Earlier this week, the House marked the one-year anniversary of the 7 October atrocities. On that day and the days that followed, Hamas and other groups intended to ignite a wider war, and the death and destruction that would follow in its wake. Today, when over 2 million people have been displaced, over 40,000 Palestinians are dead and the threat of wider war looms all too closely, we must redouble our efforts in pursuit of an immediate ceasefire, the return of hostages and real progress—after these long years—towards a two-state solution that upholds the dignity of the Palestinian people and the security and territorial integrity of both nations.

Six months ago, the Israeli Defence Minister said:

“We plan to flood Gaza with aid and we are expecting to reach 500 trucks per day.”

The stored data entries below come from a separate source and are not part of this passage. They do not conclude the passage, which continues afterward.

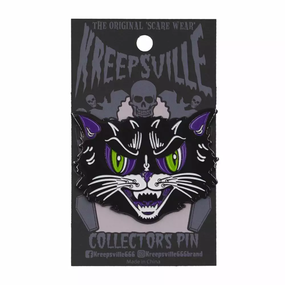 Kreepsville Kattitude enamel pin, cute cat twist to classic vintage Halloween, approx 2″ L (5cm) x 1.5 ” W (4.5cm).
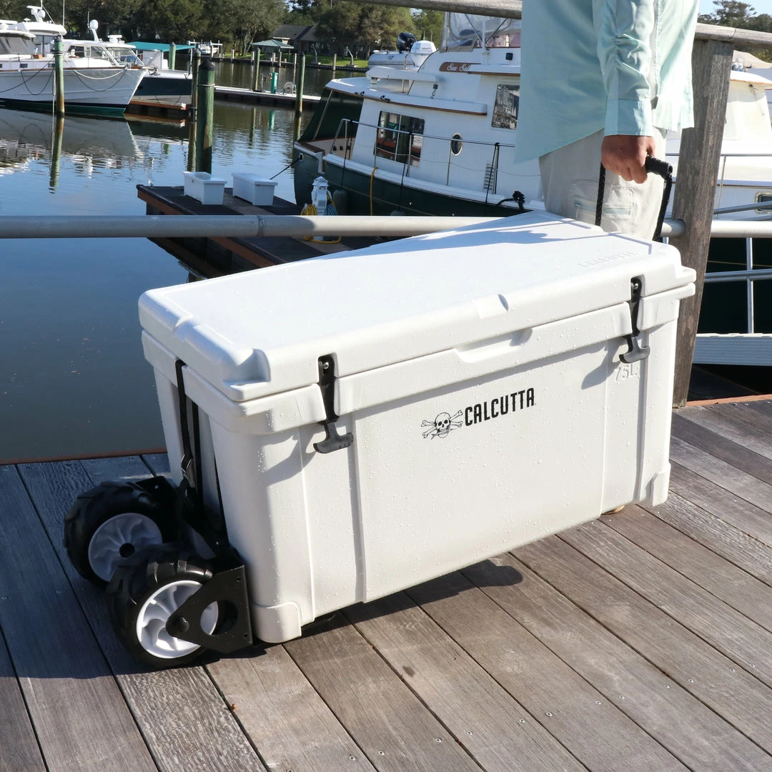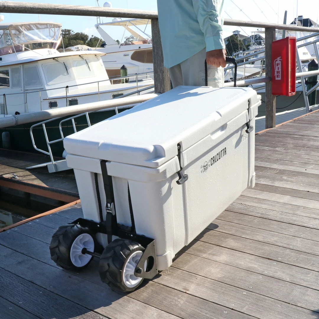 The Calcutta Universal Cooler Cart Wheel Kit is made for easy installation and quickly transforms most brands of high-performance coolers from unmovable to mobile. It’s perfect for use on your next weekend adventure, tailgate party or fishing trip. The kit includes two 7 inch never-flat tires, rubber cushions to protect your cooler and all the necessary hardware. Install in minutes and best of all, no more asking your friends for a help carrying your cooler.
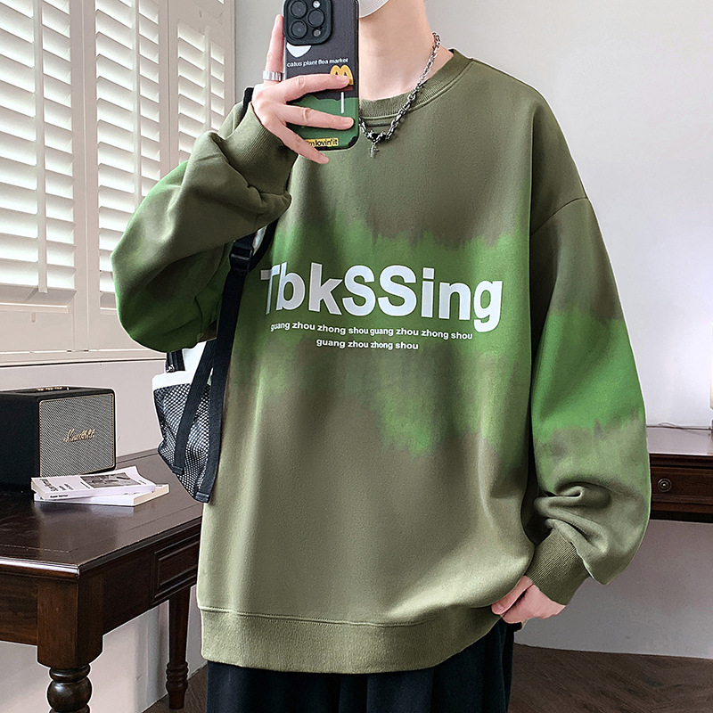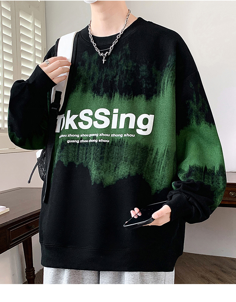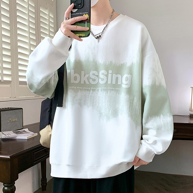 캐주얼 스웨트 셔츠 남성용 트렌디 브랜드 레터 인쇄 콘트라스트 컬러 와이드 재킷 소년 봄 가을 10 대를위한 올 매치 탑
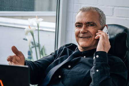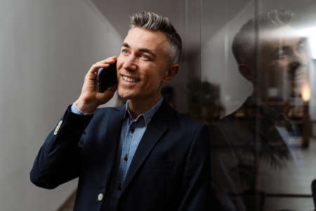 Smiling grey man talking on mobile phone while leaning on wall in office
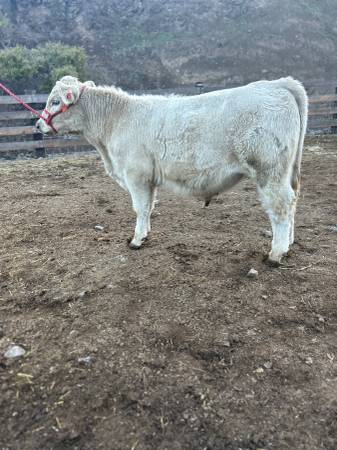Little Charolais X Bull calf up for grabs. Halter broke and handled by kids- would make a great addition to a small herd where being easy to handle is essential! We’ll be castrating and adding into our steer program if he doesn’t go. The cow picture is his Dam, and she is a neat little cow. Come take a look and make an offer if you need a decent priced bull.
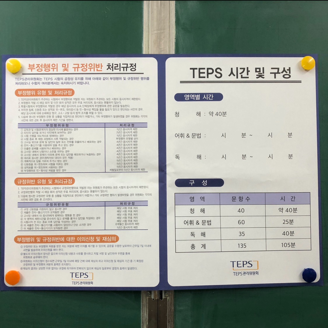 TEPS수험번호와 생년월일은 수험표에서 확인 가능하니 수험표 미리 출력해서 갖고 가시구요. 좌석번호(A1~E5)와 고사장실 번호는 고사장 입구 앞에서 확인가능하니 미리 확인하고 수험표에 적어두면 편합니다. 실제로 이거 확인하려고 답안지 배부후에도 수험생들이 자리를 이탈하는 어수선함이 펼쳐졌습니다.
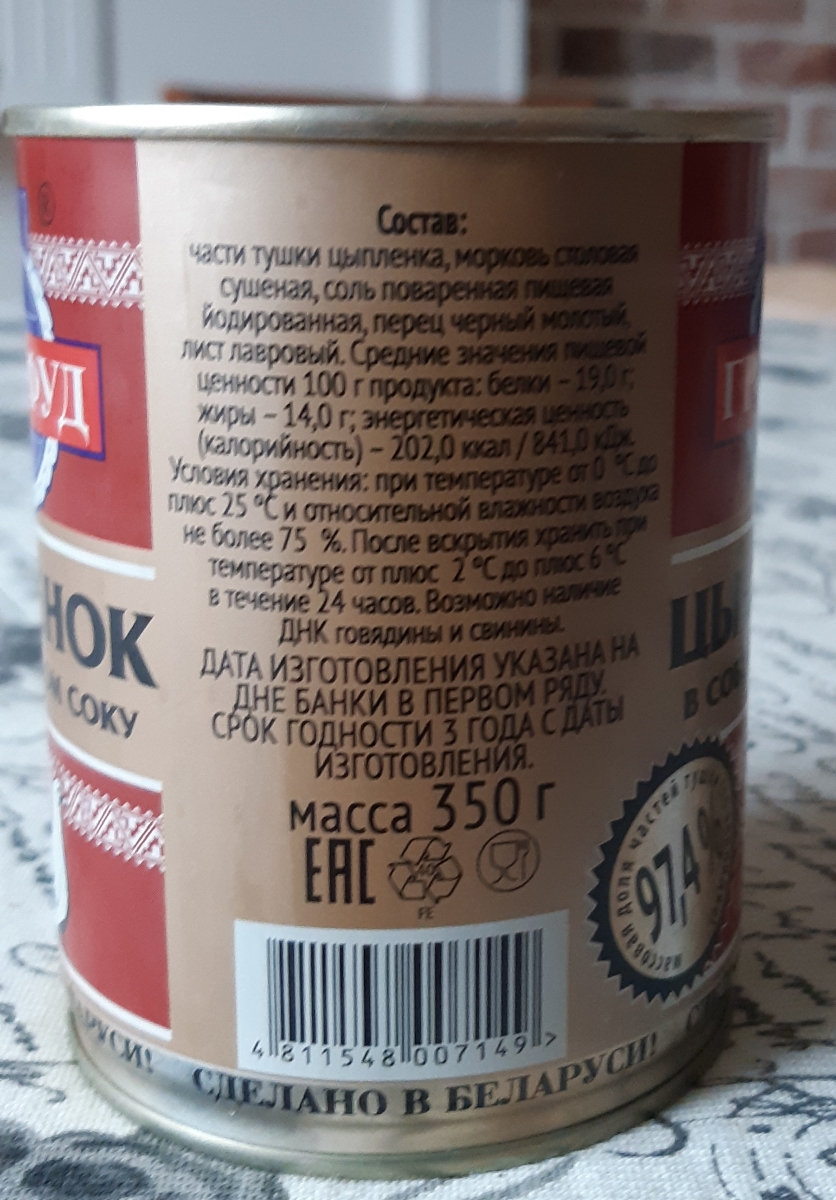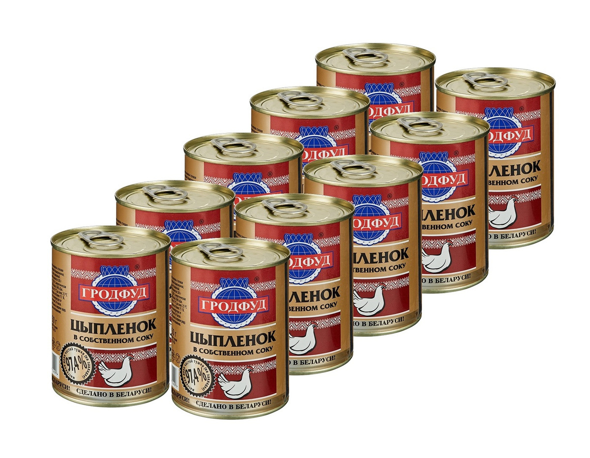 Мясо цыпленка в собственном соку 350г (набор 10шт) ГРОДФУД
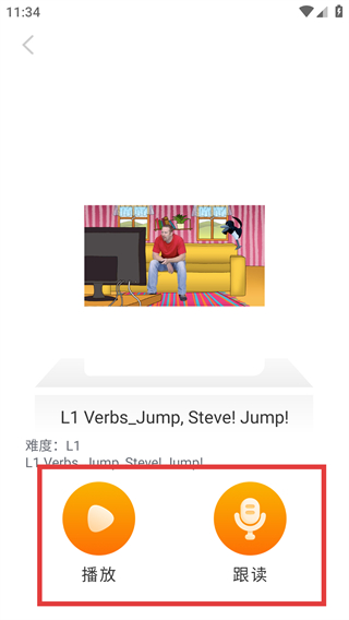 4、進(jìn)入繪本詳情頁面后,可點擊“播放”按鈕收聽內(nèi)容,或點擊“跟讀”按鈕進(jìn)行口語練習(xí),完成繪本類資源的學(xué)習(xí)。
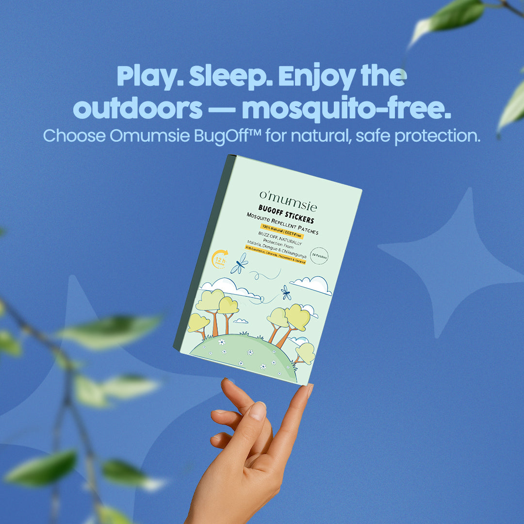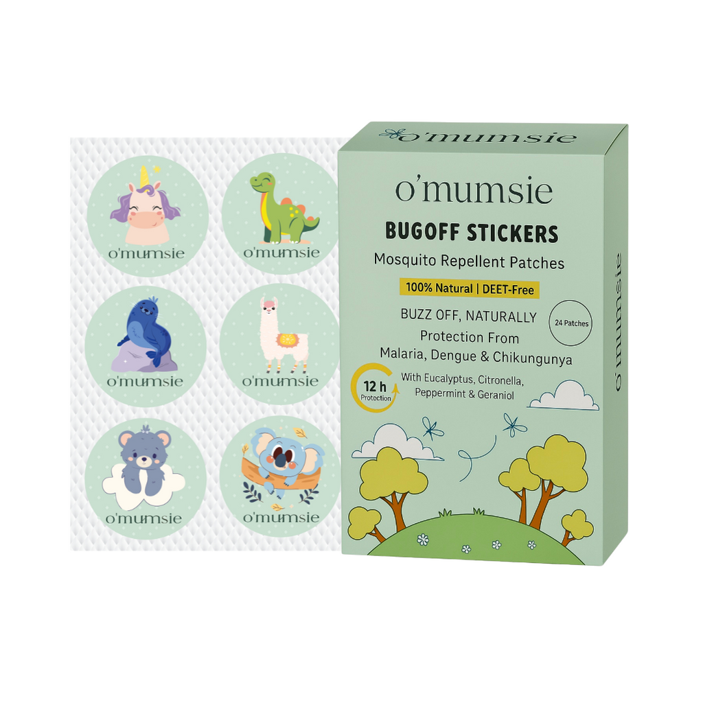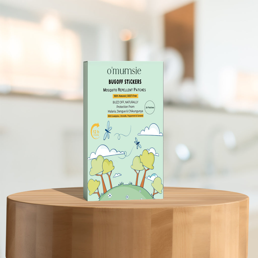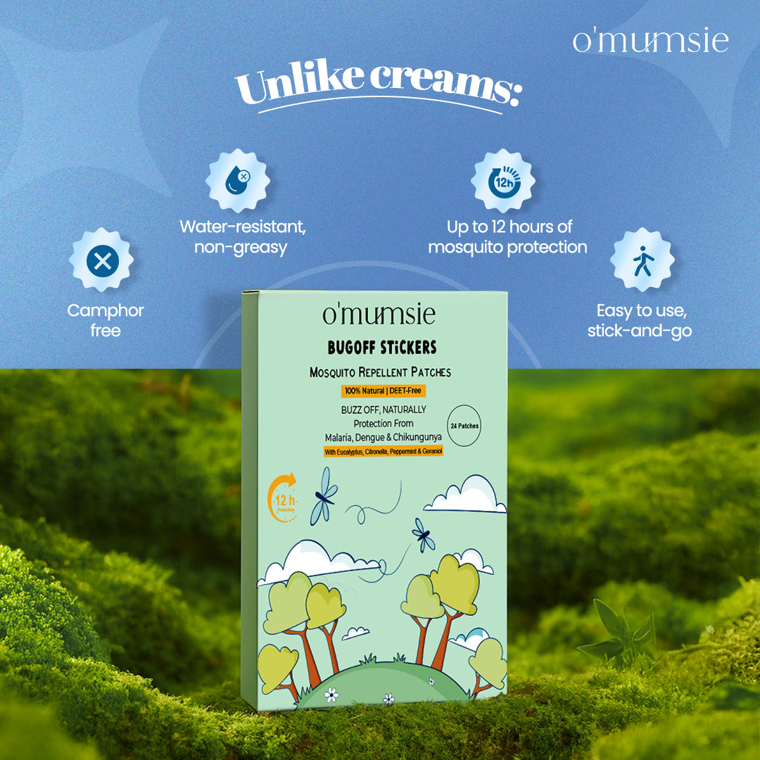 Protect your little ones with Omumsie BugOff™ Mosquito Repellent Patches, crafted with 10% Geraniol oil, Eucalyptus Globulus, and pure natural plant ingredients. These DEET-free patches combine the wisdom of nature with refreshing Thai-inspired aromas—gentle on kids, but tough on mosquitoes.

However, since then the World Health Organisation has warned that lifesaving hospital aid has been cut off, and the UN has warned that starvation has spread throughout Gaza. There were just 52 aid trucks each day in September —a bare tenth of the pre-October rates and far short of the total needed to relieve the extreme distress.

Noting the UK Government’s existing assessment that Israel is not ensuring that lifesaving food and medical supplies are reaching civilians in Gaza, I ask the Minister to update us today on what representations and protests the UK Government have made to the Israeli Government on the entry of food and aid into Gaza. Secondly, what steps are the Government taking to work with aid agencies and civil society to offer protection to aid workers, including British aid workers, who face unacceptable risk? Finally, will he give us a broader update on the UK Government’s efforts to progress ceasefire talks and bring forward a credible reconstruction programme in Gaza?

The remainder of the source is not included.